第49話「早々の破綻」

”甘えていたところもあったな。まだ教官と先輩がいるって。

蓋を開けてみれば、とんでも無かったわけだが。”


南部隼人のインタビューより



Starring:南部隼人


 草や枯れ木を踏みつけないよう、ゆっくり、ゆっくりと歩を進める。何処に甲蟲や地竜が潜んでいるか分からない。音を出すのは厳禁。いつもの行進のようにさっさと移動するわけにはいかない。


 一同は獣道を踏みしめる。甲蟲までたどり着くのはこれしかないからだが、最終的に道はなくなるから、銃剣で草木を切り開きながら進まねばならないだろう。


 前衛はジル・ボードレール教官……ではなく、エルヴィラ・メレフ、ハインツ・ダバート両先輩が務めてくれる。ジル教官は後衛だ。

 彼女曰く、後ろを取られる事を防ぐため自分がやるそうだ。


 隊列の中央には、ライフル小銃を担いだヴィクトル・神馬がいる。甲蟲を仕留めるには、小銃を頭か腹に命中させる事が唯一の手段だ。そして弾丸はあと5発しかない。


 ジャン・スターリング、エーリカ・ダバート、マリア・オールディントン、コンラート・アウデンリート、そして南部隼人は、彼を守るように取り囲む。


「オールディントン君、何か探知出来たかね」


 エルヴィラが問うが、マリアは無念そうに首を振る。


「何も引っかかりません。さっきから竜鳩リュウバトが飛び回っていて探知距離が短くなっています」


 マリアの探知魔法は感度こそ最高だが、パフォーマンスにむらがある。動くものを見つける魔法だから、周囲に鳥でも飛び回っていたら。そちらに魔力を取られて探知範囲は大いに狭まる。ましてや極端に魔力を節約しながらである。

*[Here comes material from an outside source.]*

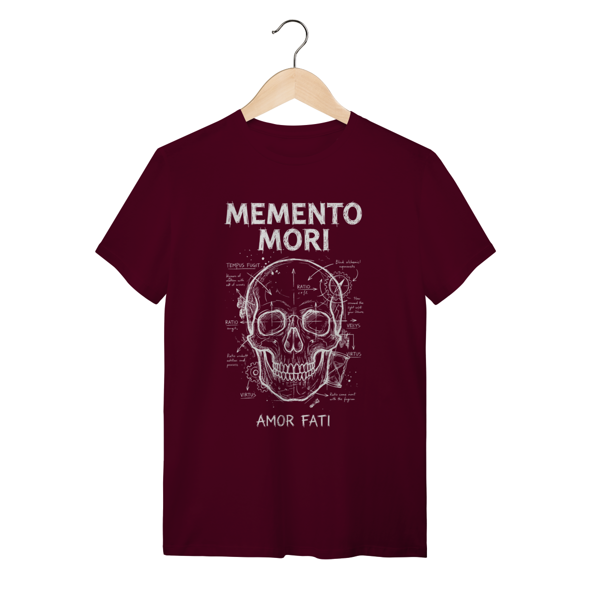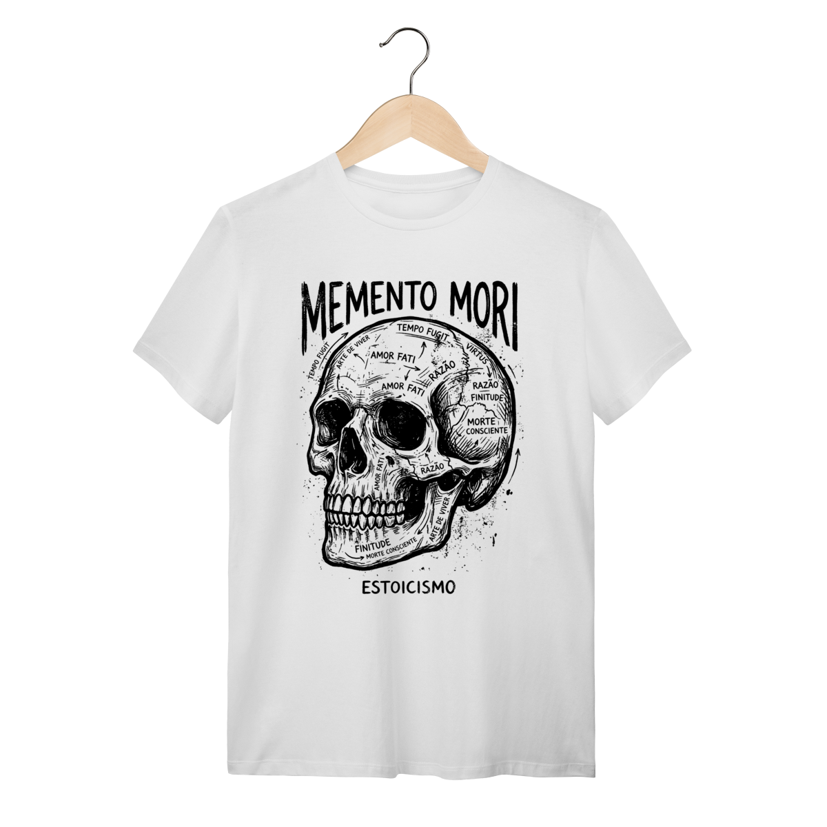 A estampa traz uma composição visual impactante com a estética de "esboço renascentista" ou diagrama técnico (blueprint). A ilustração central da caveira (símbolo da finitude humana) conecta-se com a ampulheta (o tempo inexorável) através de anotações, setas e linhas geométricas que lembram os estudos de Da Vinci. O traço texturizado estilo "giz" ou bico de pena confere um ar intelectual, transformando um conceito filosófico profundo em uma obra de arte vestível e sofisticada.

 エルヴィラは特に失望した様子もなく、探知魔法をいったん中止する命令を下した。


「魔晶石で補充したとはいえ、魔力は温存した方が良い」


 魔晶石。地中に生息する微生物がマナを浴び、魔力を蓄えたまま結晶化した稀少資源である。日本で大規模に稼働している魔導型のプラントは、石油や石炭に代わってこれを大量に使用する。

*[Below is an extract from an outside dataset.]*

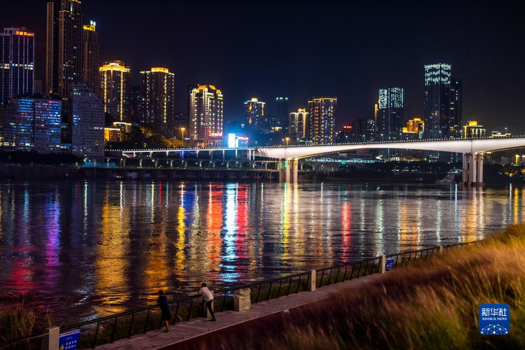 市民在重庆江北区的嘉陵江滨江步道上欣赏夜景(9月30日摄)。

 個人が所有するにはそれなりに背伸びが必要なぜいたく品だが、持ち歩く事で魔力切れの対策になる。

 このレアアイテムを、たまたまジル教官が所有していたのだ。


 彼らはその最後の武器でマリアの魔力を補給し、隼人とコンラートの負傷を回復させた。そうしてこの遠征軍は結成されたわけだが――。

 魔晶石は革袋などに入れて持ち歩くのが普通。彼女はネックレスに加工して持ち歩いていた。彼女らしくない、華美な装飾を施した。


 あれ、大事なものだったんじゃないでしょうか?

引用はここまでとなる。